A su manera –emparentada con la de los dibujos animados, pero en un territorio que depende de otra jurisdicción–, el enrejado del ascensor (“tenía flores con cáliz dorado y follajes rizados de fierro negro, donde se enganchan los ojos cuando uno está triste…”), la claraboya (“de ese verde de los frascos de colonia”), las casuarinas (“que parecían recién llegadas de un viaje en tren, y sin embargo contenían en sus hojas de alfileres una sonoridad muy limpia, bañada por el mar”), la casa de campo (“con trechos inmensos de playas desiertas donde se asomaban los árboles y los ladrones”) desempeñan un papel activo. Hasta más activo, quizá, que la planchadora Clodomira (“que rociaba la ropa blanca con su mano en flor de regadera”), Cipriano (“que saltaba a través de los arcos con galope de caballo blanco”), Juan Pack (“que duerme con una invisible raqueta en la mano”), Eladio Rada (“que hubiera tenido tiempo para dormir la siesta y para pensar en la mujer con quien quería casarse si no hubiera sido por el miedo a los ladrones”), Libia y Cándida (“que estaban acostumbradas a verse con un ojo torcido y con la boca hinchada en un espejo roto”). Se tiene la impresión de que los personajes son cosas y las cosas personajes, como en la infancia. Y todo eso está escrito en un lenguaje hablado, lleno de hallazgos que encantan y de desaciertos que molestan, lleno de imágenes felices –que parecen entonces naturales– y lleno de imágenes no logradas –que parecen atacadas de tortícolis–. ¿No serán posibles las unas sino gracias a las otras? ¿Es necesaria esa desigualdad?
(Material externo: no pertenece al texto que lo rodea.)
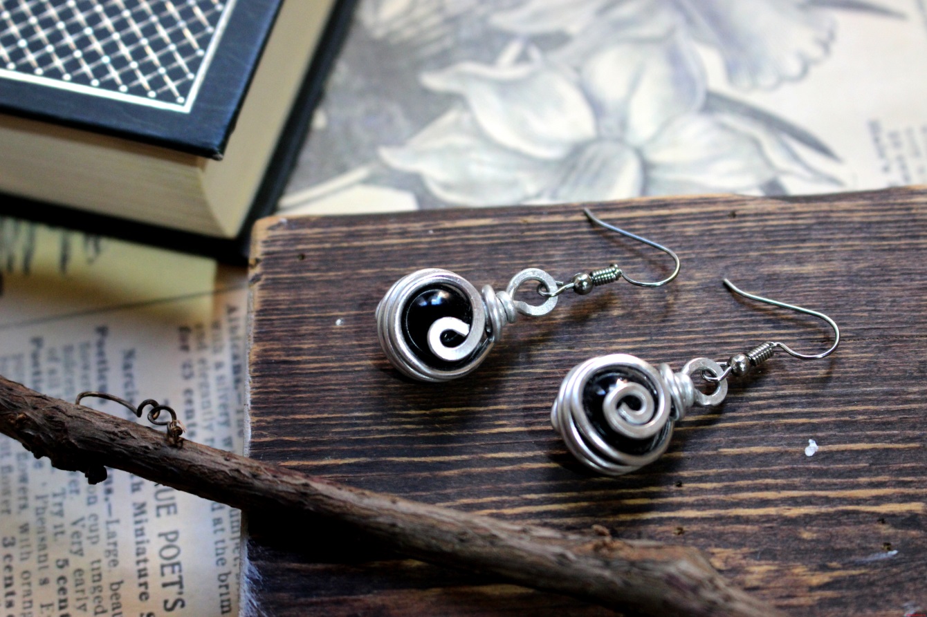 Серьги плетённые из алюминия с чёрными бусинами Sasha Decor

Corrigiéndose de unas, ¿se corregiría Silvina Ocampo de las otras? Es ese un riesgo que a mi juicio debe afrontar. Antes de renunciar a la destreza, es preciso que se haya tomado el trabajo de investigar qué porcentaje de negligencia entra en la composición de sus defectos y qué pereza la lleva a no ser más exigente consigo misma cuando todo nos demuestra que puede serlo.
En literatura las “maladresses” no deben ser involuntarias. Es como para la gramática. Si se quiere sacarle la lengua, hay que mirarla antes cara a cara. Dicho esto, agreguemos que los más grandes escritores se han distinguido siempre por haberle sacado la lengua a la gramática, después de haberla mirado cara a cara. Pero si se empieza por sacarle la lengua… la gramática no se entera que se trata de ella, y parece uno sacarse la lengua a sí mismo.
Viaje olvidado es un primer libro en que encontramos cualidades y defectos equivalentes. Estos defectos ¿son el reverso indispensable de las cualidades? ¿Sería posible aumentar las unas y disminuir las otras? Solo Silvina Ocampo puede contestar a estas interrogaciones dándonos un nuevo libro.
Pero sin esperar más, podemos decir que así como Lucía llevaba en los pliegues blancos de su vestido amapolas del jardín, las sillitas verdes de fierro, las cuatro palmeras y las siestas estiradas en los cuartos húmedos de la casa vieja, así lleva Silvina en las 186 páginas de sus cuentos una atmósfera que le es propia, donde las cosas más disparatadas, más incongruentes se acercan y caminan abrazadas, como en los sueños.